Life as that necessary cycle of sadness, happiness, success and disappointment, with some really memorable moments that make up for the mundane.

It's no surprise that Sandro Fiorin of FiGa Films has sent this latest masterpiece, Castanha my way. It is just one in a series of very perfect accidents in the great wheel of daily joy that is movie watching for me. The film just happens to be in NYC at this time, enjoying its North American premiere at the Film Society of Lincoln Center, part of their Art of the Real 2014 series.

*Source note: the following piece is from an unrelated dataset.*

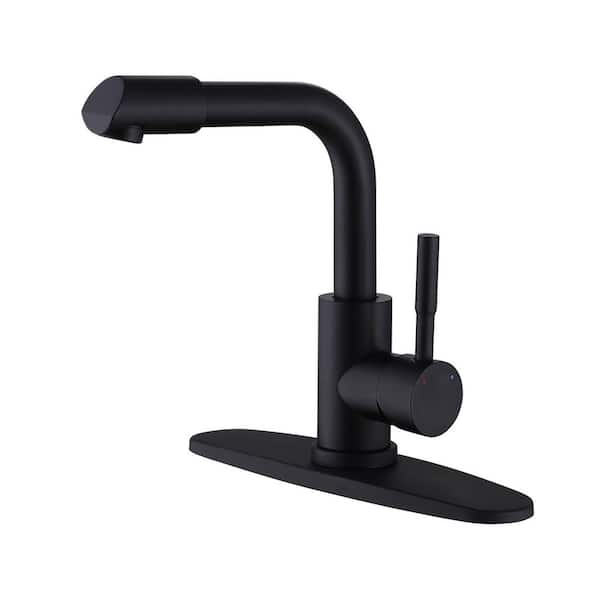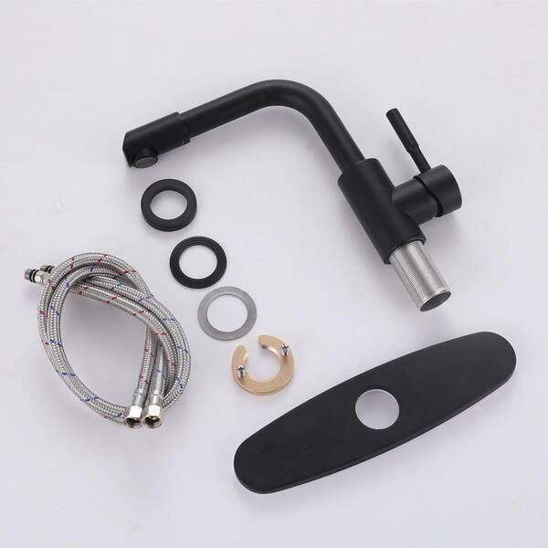 Single Handle Single Hole Bathroom Faucet with Deckplate Included Modern Stainless Steel Sink Basin Taps in Matte Black
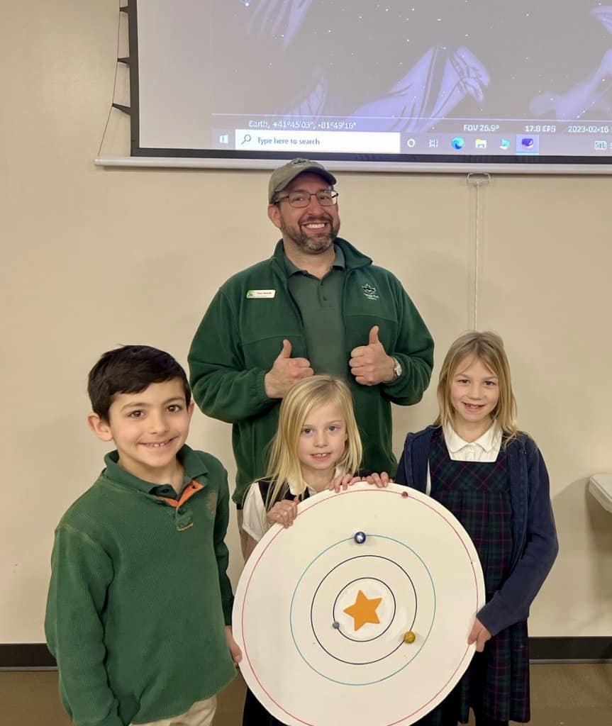 The kindergarten through fourth-grade students at St. Helen School enjoyed a dynamic presentation on constellations. The program was presented by Geauga Park District Naturalist Chris Mentrek.

Brazilian cinema for me always possesses a dream-like quality that is punctuated by the grittiness of everyday life. Castanha is no exception, but it does add another layer to the puzzle. Because the film is a narrative about a real character, João Carlos Castanha, his real mother Celina and their daily life -- but it's not a documentary.

Palestinian filmmaker Hany Abu-Assad has said about some of his more real-to-life films (like the controversial Ford Transit) that they are "100 percent reality and 100 percent fiction" and this can also be the perfect way to describe director Davi Pretto's first feature length film. While inspired by the life of 52-year-old actor-slash-cross-dressing-erotic-club-hostess Castanha, the film reinterprets some events from his life and blends them perhaps with those moments we've all dreamed about secretly, the perfect shots from our cinematic, private lives. Castanha himself is divinely charismatic, a perfect aging rockstar who is haunted by his own demons: the loss of the love of his life to AIDS and the need to be there for his single mother, as her only son.

Pretto admits that his desire to make the film came out of working with Castanha since film school, and explains further "I can still recall my fascination for his face, traits, expressions and his piercing gaze when acting." Then concludes, "from that came the urge to make a film for that face. An actor piece." And that Castanha is, through and through, because we as the audience never truly find out where fiction ends and reality begins. It's a wonderfully tantalizing formula that works perfectly in this case, with a subject worthy of all his close-ups and a filmmaker who dares to blur the lines, without apologies.

Through Castanha, Pretto also says, "I strengthen my position on cinema -- that it is about encounters between people. Between those with a story to be told and those who want to tell stories." The magical world of cinema is an active meeting of great minds, those of the filmmakers but also of the audience. Without one there is no other and each side must always be aware of that, to remove the strange distance we sometimes feel from the artists. With Pretto's film, I felt like I was on a journey along with Castanha, an extraordinary man with many ordinary moments and a life like mine in its successes but also its many failures. When a film does that deeply, it's a triumph.

I'll let Pretto's words sum it all up best: "I believe the film ends up as a realistic portrayal of this character. After all, my only idea since the beginning was to be coherent with what João lives and breaths as art and life. And if one word can sum him up, it is freedom." Freedom.